An editorial in the latest issue of PLoS Biology speaks of the need for evolutionary based reasoning in medical education .
Does viagra cialis online pharmacy pharmacy without Evolution Make Sense?
Catriona J. MacCallum
The title is a take from Dobzhansky's quote "Nothing in biology makes sense except in the light of evolution"
The interesting thing from this editorial was some of the reasons why evolutionary reasoning is not taught in medical schools. For example:
"One reason that evolution doesn't figure prominently in the medical community is that although it makes sense to have evolution taught as part of medicine, that doesn't make it essential. As explained at a meeting on evolution and medicine I recently attended in York, United Kingdom (the Society for the Study of Human Biology and the Biosocial Society's 2006 symposium, “Medicine and Evolution”), medicine is primarily focused on problem-solving and proximate causation, and ultimate explanations can seem irrelevant to clinical practice. Crudely put, does a mechanic need to understand the origins, history, and technological advances that have gone into the modern motor vehicle in order to fix it?"

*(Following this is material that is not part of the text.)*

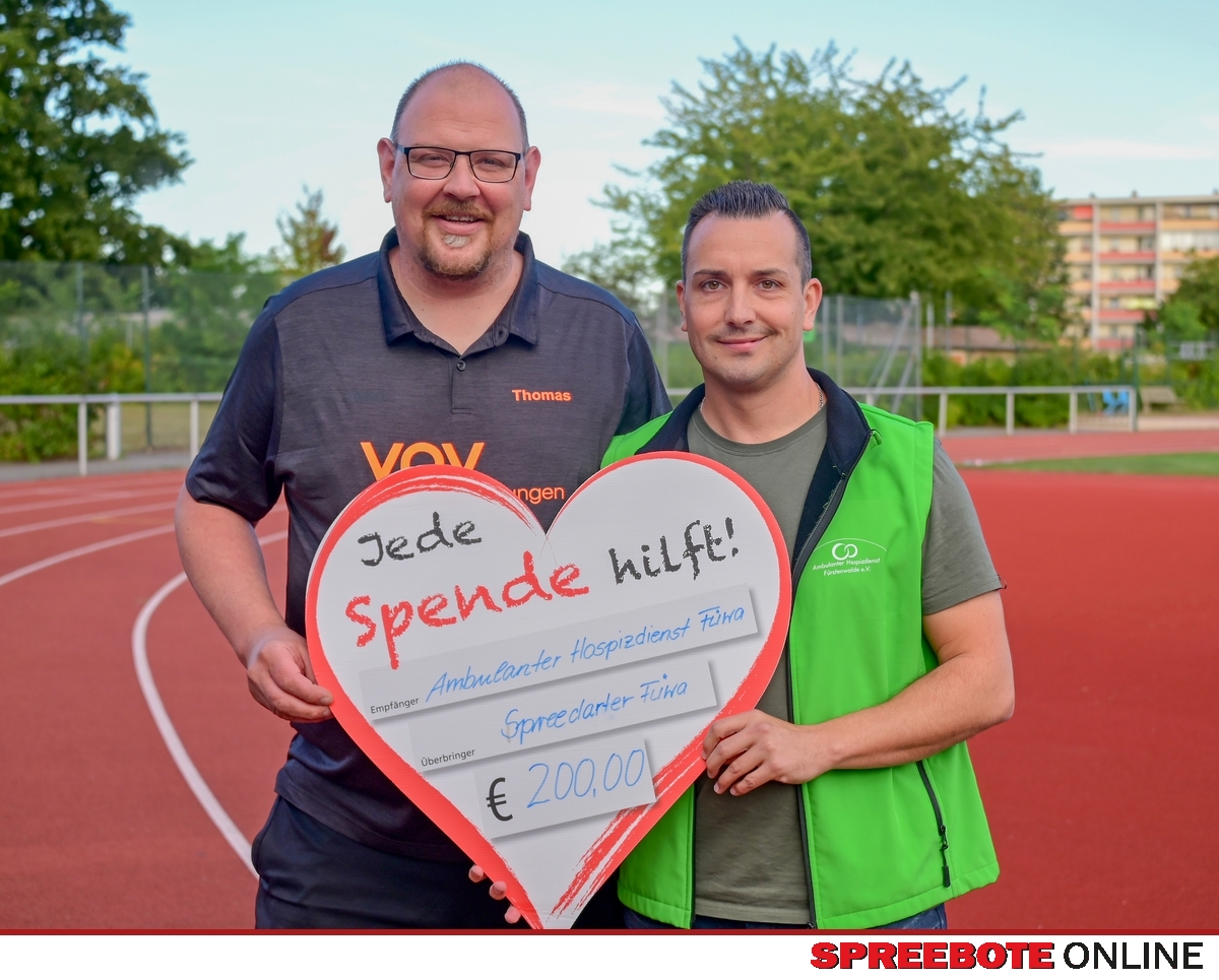 Bei größeren Turnieren, wie zum Beispiel dem erst kürzlich erfolgreich durchgeführten 3. Gerüstbau-Fürstenwalde-Cup, den die Spreedarter organisiert und ausgerichtet haben, wurde zugunsten des Ambulanten Hospizdienstes Fürstenwalde e.V. gesammelt. Es ist eine Frage des Engagements, betont Thomas Schmidt, Präsident der Spreedarter. Von Anfang an sei es Tradition gewesen, bei solchen Veranstaltungen gemeinnützige Organisationen aus der Region zu unterstützen – etwa den Jugendclub Beerfelde, das Frauenhaus Fürstenwalde oder aktuell den Ambulanten Hospizdienst. Diese Einrichtungen leisten mit viel Herzblut und Engagement einen wichtigen Beitrag für unsere Gesellschaft. Es ist uns eine Herzensangelegenheit, sie dabei zu unterstützen, so Schmidt weiter. Die Spende zugunsten des Ambulanten Hospizdienstes Fürstenwalde e.V. nahm Tom Knoll entgegen – ein bekanntes Gesicht in der Region, das viele noch aus seiner sportlichen Laufbahn im Fußball kennen. Umso interessanter war es zu hören, welchen beruflichen Weg er eingeschlagen hat. Heute unterstützt er Menschen in besonders herausfordernden Lebensphasen – mit großer Hingabe und Menschlichkeit.
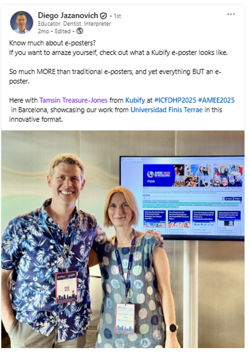 AMEE has been using Kubify’s ePoster platform since 2017 and their library of research ePosters is an amazing resource. It is perhaps unsurprising that this community of healthcare educators really sees the value in using the rich Kubify ePosters as a way of sharing their research and spreading good practice. We love seeing their research and creativity showcased in this way. And it is always a huge pleasure to meet the authors themselves.

I do not understand the reasoning behind the last sentence in this paragraph at all:
"Many diet-related conditions that typify industrialized populations-e.g., obesity, hypertension, and tooth decay-have been explained as resulting from an evolutionary mismatch between our over-refined, fat-filled contemporary diet and the environment to which humans were once ideally adapted. Sarah Elton (Hull York Medical School, UK) cautioned that while this analogy (the “environment of evolutionary adaptedness”) has been useful as a research tool and has led to public health campaigns for better diets (more seeds, nuts, fish oil, etc.), recreating such a typical “Stone Age diet” as a benchmark can be misleading. Human ecology in the past was at least as variable as human (and other primate) ecology is today."
...what does "variable" have to do with it?